# Diamond Resorts - Good Value?



## TIRWIN62 (Apr 20, 2008)

I'm a newbie to TUG and am looking for a little advice.  My wife and I used our Disney Vacation Club to trade into the Sedona Summit Resort.  We ended up going to the sales presentation, and now my wife wants to buy.  They were offering 2500 points for $8,850, which includes membership in The Club.  I know this is a small amount of points, but we generally stay in a studio Sun - Thursday to maximize points with DVC, and would most likely try to do the same with Diamond.  Wondering if most Diamond owners are happy with the company and have normally been able to get the accomodations and time of year they wanted?  Any insight would be helpful - thanks in advance.


----------



## JoeMid (Apr 21, 2008)

TIRWIN62 said:


> I'm a newbie to TUG and am looking for a little advice.  My wife and I used our Disney Vacation Club to trade into the Sedona Summit Resort.  We ended up going to the sales presentation, and now my wife wants to buy.  They were offering 2500 points for $8,850, which includes membership in The Club.  I know this is a small amount of points, but we generally stay in a studio Sun - Thursday to maximize points with DVC, and would most likely try to do the same with Diamond.  Wondering if most Diamond owners are happy with the company and have normally been able to get the accomodations and time of year they wanted?  Any insight would be helpful - thanks in advance.


More and better answers on Diamond Resorts International may usually be found here. They'll tell you where you can get twice as much for half the money.


----------



## Werner (Apr 21, 2008)

I agree with JoeMid's answer.  The other forum has a group dedicated to the Diamond system.  

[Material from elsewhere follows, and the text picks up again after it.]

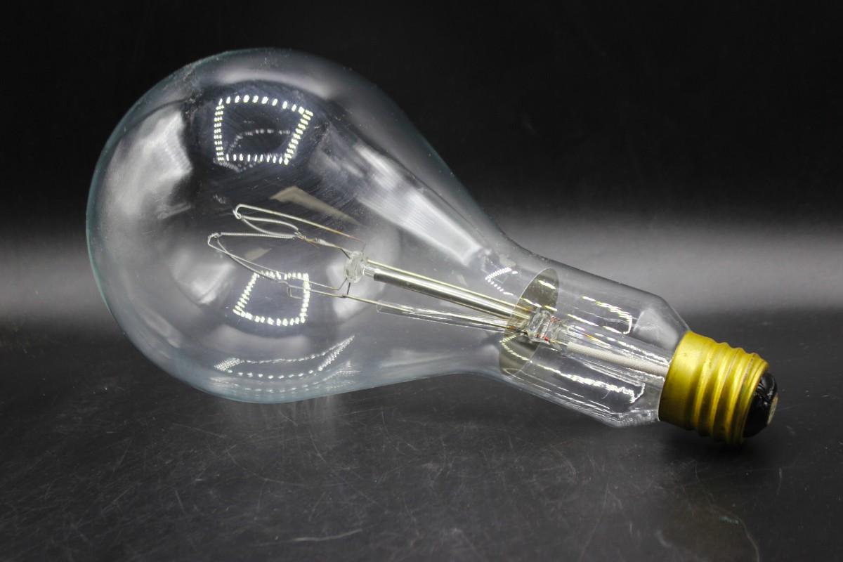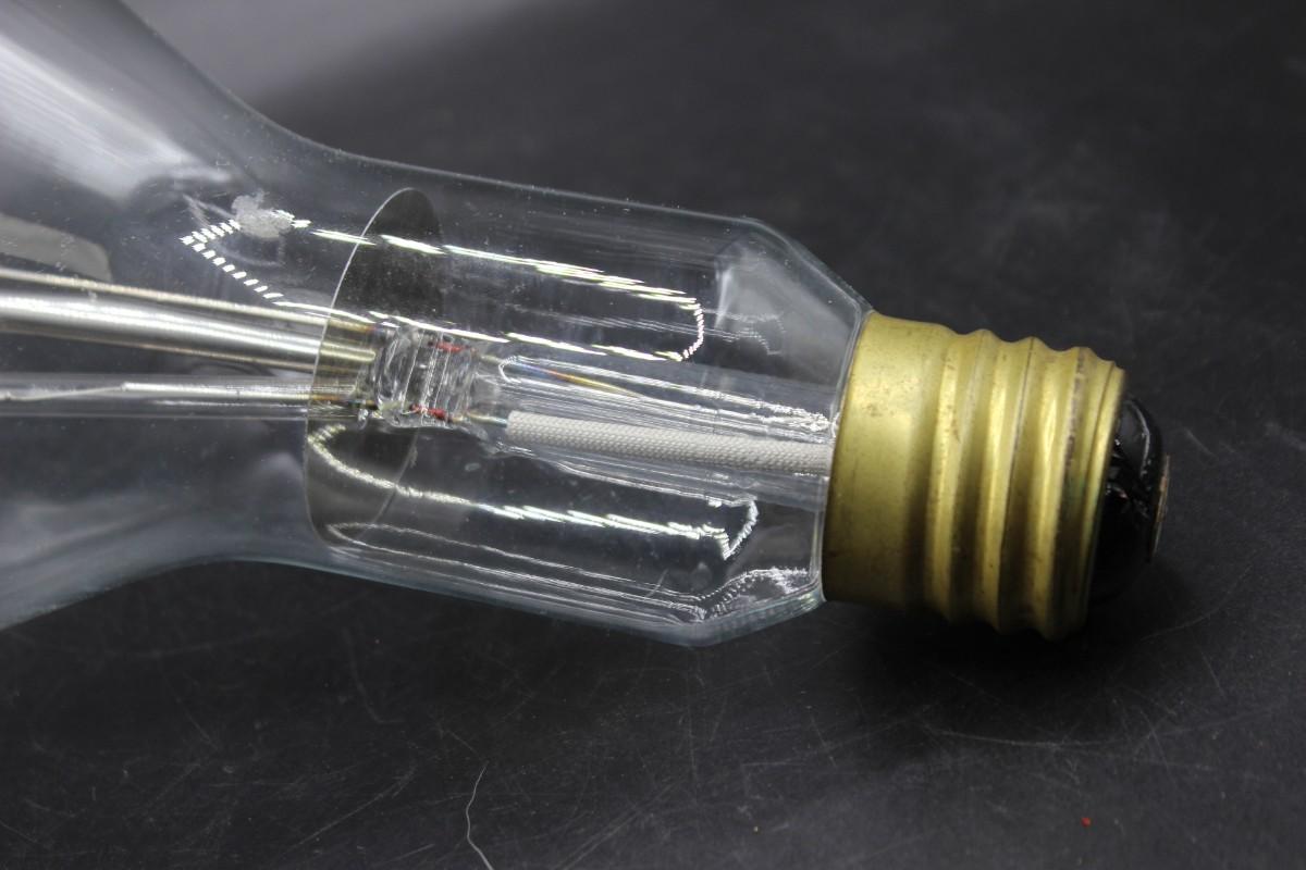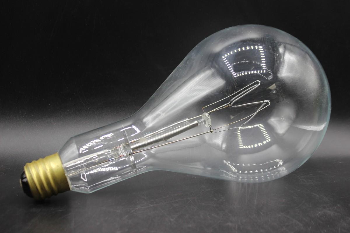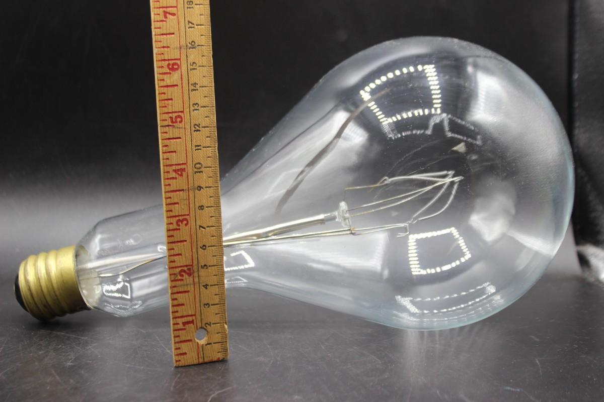 Large Vintage 1500W 130V Glass Bulb, there is no significant damage to the glass and is in overall good displayable condition. Has not been tested, check pictures for more details and for scaling. There is a small broken tube near the base inside the bulb.

FWIW - I am happy with the Diamond System but I don't know if I'd be happy with only 2500 points.  You might be able to find some good short term (less then 60 days out) weeks for 2500 points but they are usually off season when they are that low.  Will you also automatically be enrolled in Interval International also?  That would give you a lot more options.  Also, any number of points will give you access to inexpensive "Getaways" at II which are paid for with cash but generally are very reasonable.  Diamond also includes "Diamond Select" which are non-Diamond resorts which are deposited in Diamond by their owners to get Diamond points.  They are available to Diamond club members either for points or cash.  

Good Luck,

You should get a look at the Diamond book which shows the points required for any Diamond resort.  Cut the number if half for < 60 day reservations.  The fine print on each resort also discusses whether they trade weekdays only, not all do.


----------



## dougp26364 (Apr 21, 2008)

Keep in mind that DRI only bought out Sunterra a year ago. There's going to be change coming down the line and no one really knows for sure what that will bring. I've owned with DRI since 1998 but, they didn't have the points system Sunterra had when DRI bought them out. I've been learning how to use the system and, as it stands now, looks like a very nice, flexible system for internal exchanges and a set point value for exchange through I.I. At this moment I'm very happy with the system. 3 or 4 years from now after DRI has had a good opportunity to put their stamp on the company who knows how I'll feel. So far DRI is moving in the right direction and I'm happy we paid the $2,995 joiner fee to get our Polo Towers units into THE Club, which is DRI's internal points exchange program.


----------



## JoeMid (Apr 21, 2008)

If you book weekenights only in the 59 day window you can stretch 2500 points, but it's not enough.  If you need to look at point values they're offered up here.   





TIRWIN62 said:


> I'm a newbie to TUG and am looking for a little advice.  My wife and I used our Disney Vacation Club to trade into the Sedona Summit Resort.  We ended up going to the sales presentation, and now my wife wants to buy.  They were offering 2500 points for $8,850, which includes membership in The Club.  I know this is a small amount of points, but we generally stay in a studio Sun - Thursday to maximize points with DVC, and would most likely try to do the same with Diamond.  Wondering if most Diamond owners are happy with the company and have normally been able to get the accomodations and time of year they wanted?  Any insight would be helpful - thanks in advance.





Werner said:


> I agree with JoeMid's answer.  The other forum has a group dedicated to the Diamond system.
> 
> FWIW - I am happy with the Diamond System but I don't know if I'd be happy with only 2500 points.  You might be able to find some good short term (less then 60 days out) weeks for 2500 points but they are usually off season when they are that low.  Will you also automatically be enrolled in Interval International also?  That would give you a lot more options.  Also, any number of points will give you access to inexpensive "Getaways" at II which are paid for with cash but generally are very reasonable.  Diamond also includes "Diamond Select" which are non-Diamond resorts which are deposited in Diamond by their owners to get Diamond points.  They are available to Diamond club members either for points or cash.
> 
> ...


----------



## KforKitty (Apr 21, 2008)

I would agree with what others have said, 2,500 points is too few even as an entry point and I don't think you can rely on 'working the system' around last minute stays.  I'd say double the points (5,000) would be a reasonable start.

Kitty


----------



## TIRWIN62 (Apr 21, 2008)

Thanks everyone for the help on this.  The sales rep. did say we would be enrolled in I.I. and could trade into those resorts.  I figured that 2500 points was probably too little, but we were thinking of using two years worth of points at a time every other year, alternating every year with our DVC.  With our families work and school/sports schedules we normally just take one big vacation every year (I know that's not nearly enough time off - we're working on that).  I'll do a little more research and try to find a better deal on a resale when we decide to buy.


----------



## Bill4728 (Apr 21, 2008)

This is a very bad deal!!

If you buy in Sunterra/DRI first buy a goodly amount of point resale, then buy direct from DRI and you'll get both the resale points and the DRI points in the club.

You'll save $5,000 - $15,000 doing this.

Good Luck


----------